Jack Watherston
- Full name: Jack Greenshields Watherston
- Date of birth: 24 August 1909
- Place of birth: Edinburgh, Scotland
- Date of death: 17 November 1990 (aged 81)
- Place of death: Roxburghshire, Scotland
- School: Sedbergh School
- University: Corpus Christi College

Rugby union career
- Position(s): Flanker

International career
- Years: Team / Apps / (Points)
- 1934: Scotland / 2 / (0)

= Jack Watherston =

Jack Greenshields Watherston (24 August 1909 — 17 November 1990) was a Scottish international rugby union player.

Born in Edinburgh, Watherston was educated at Sedbergh School and Corpus Christi College, Cambridge.

A flanker, Watherston gained blues in varsity rugby at Cambridge University.

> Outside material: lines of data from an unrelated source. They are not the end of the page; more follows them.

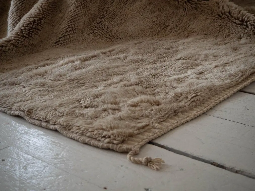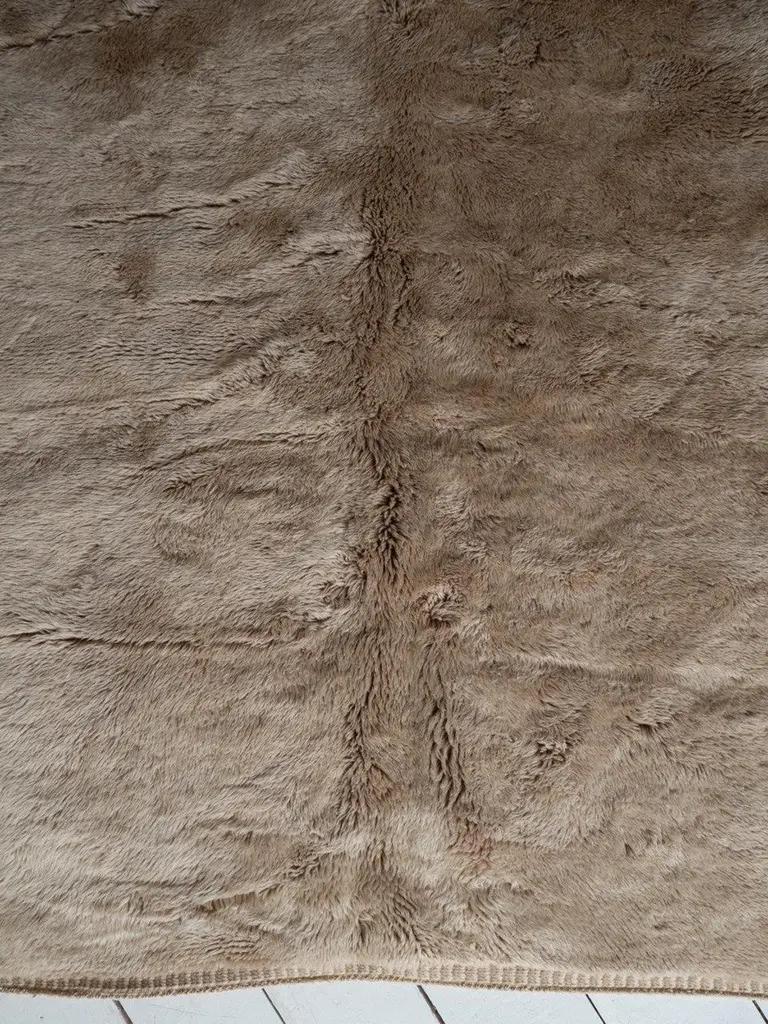 Hand-Knotted Moroccan Beni Mrirt Rug 8’x10’, Solid Oat Plush Rug, Custom-Made
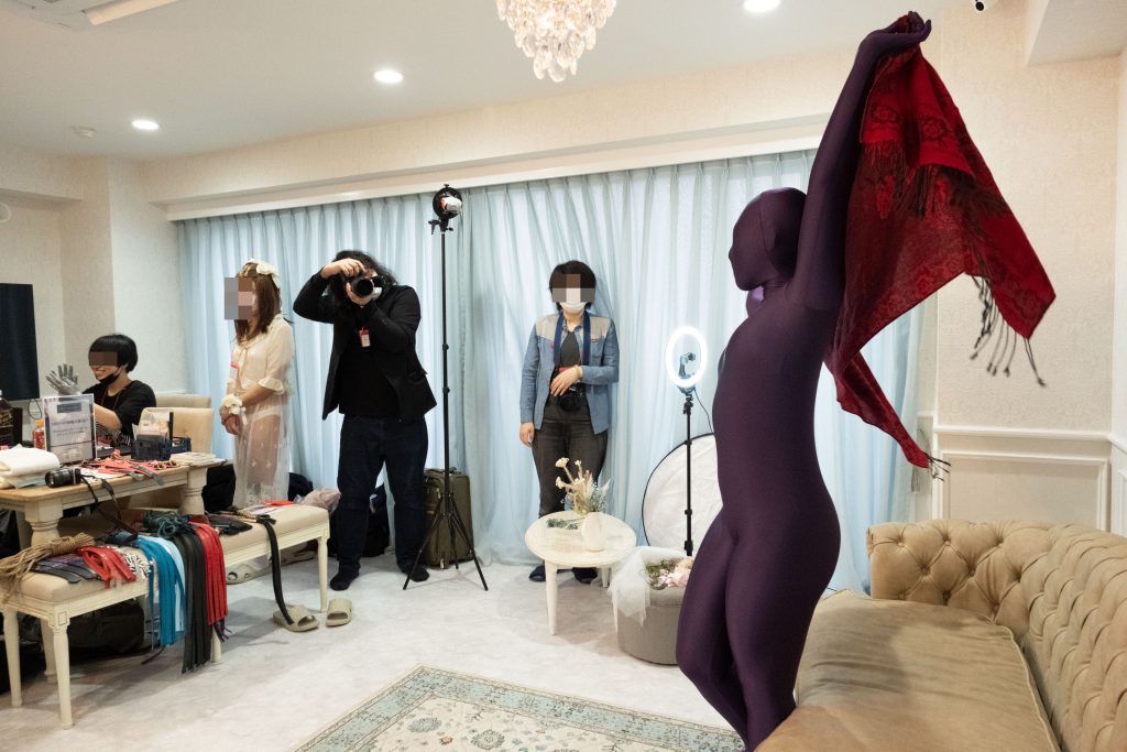 衣装を何着か持ってきている方も多かったです。スタジオのイメージに合わせて選んでくれたと聞いて涙が出るくらいうれしかったです。ゼンタイ好きな人も多かったです。私は自前の全頭マスクとボンテージテープで遊んでました。
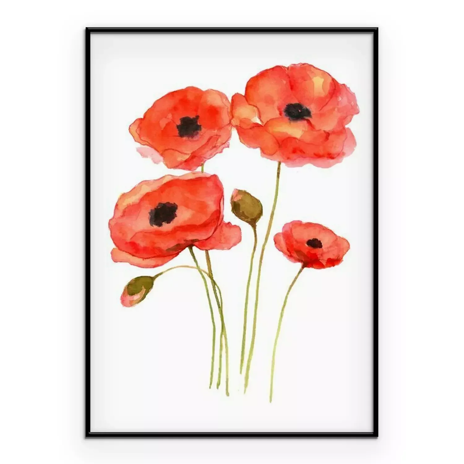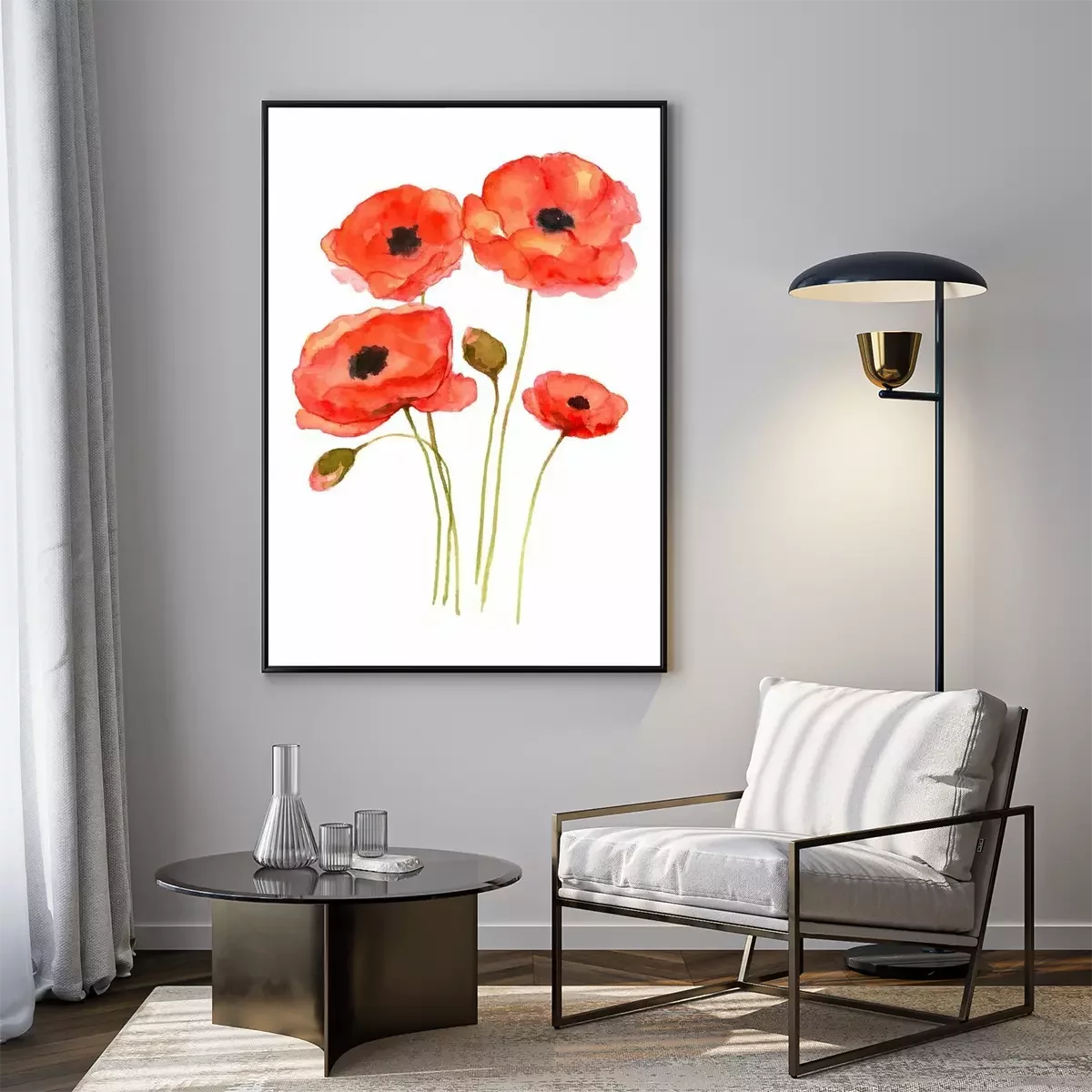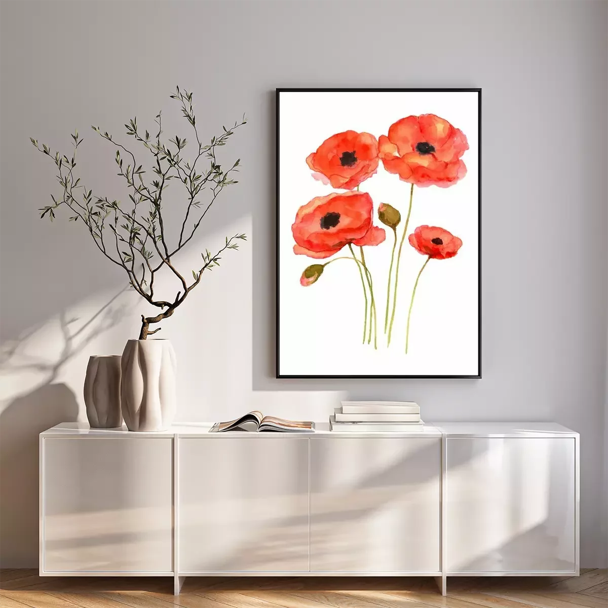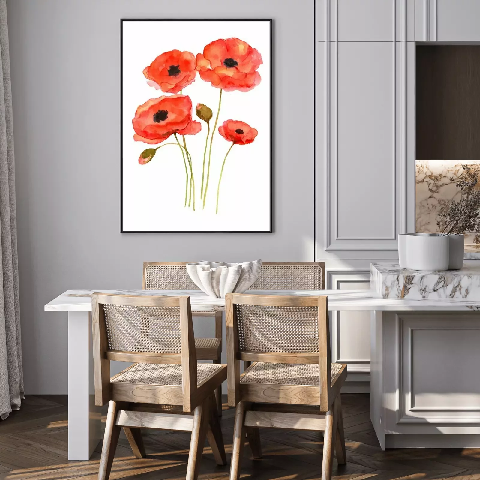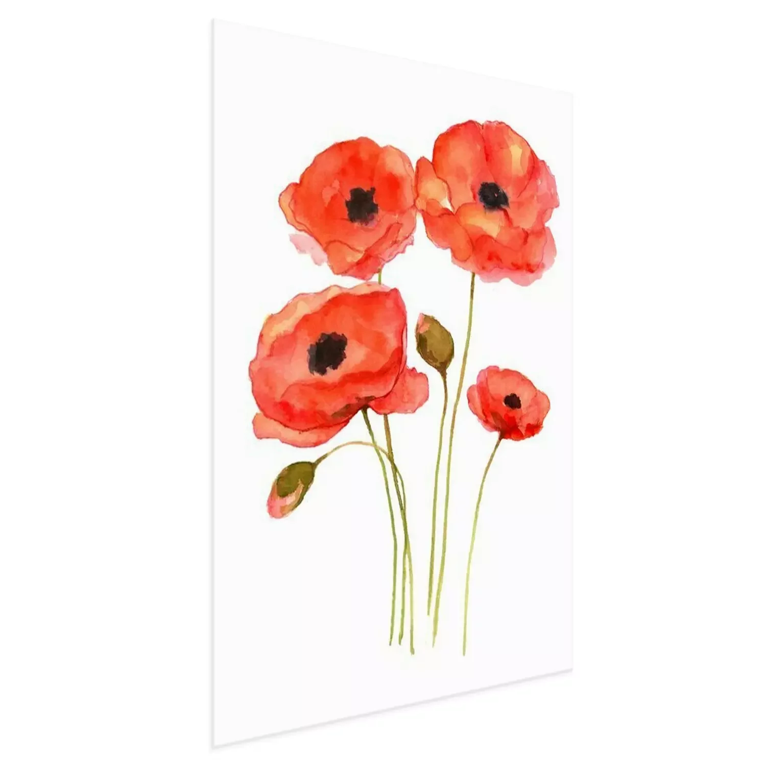 Poster: Rote Mohnblumen auf weißem Hintergrund schattiert

He played his rugby in Scotland for Edinburgh Wanderers and Jedburgh. In 1934, Watherston was capped twice for Scotland during their Home Nations campaign, against Ireland at Murrayfield and England at Twickenham.

Watherson's daughter Diana was married to British peer Hugh Courtenay, 18th Earl of Devon. His grandson Charles Courtenay, 19th Earl of Devon, is a Member of the House of Lords.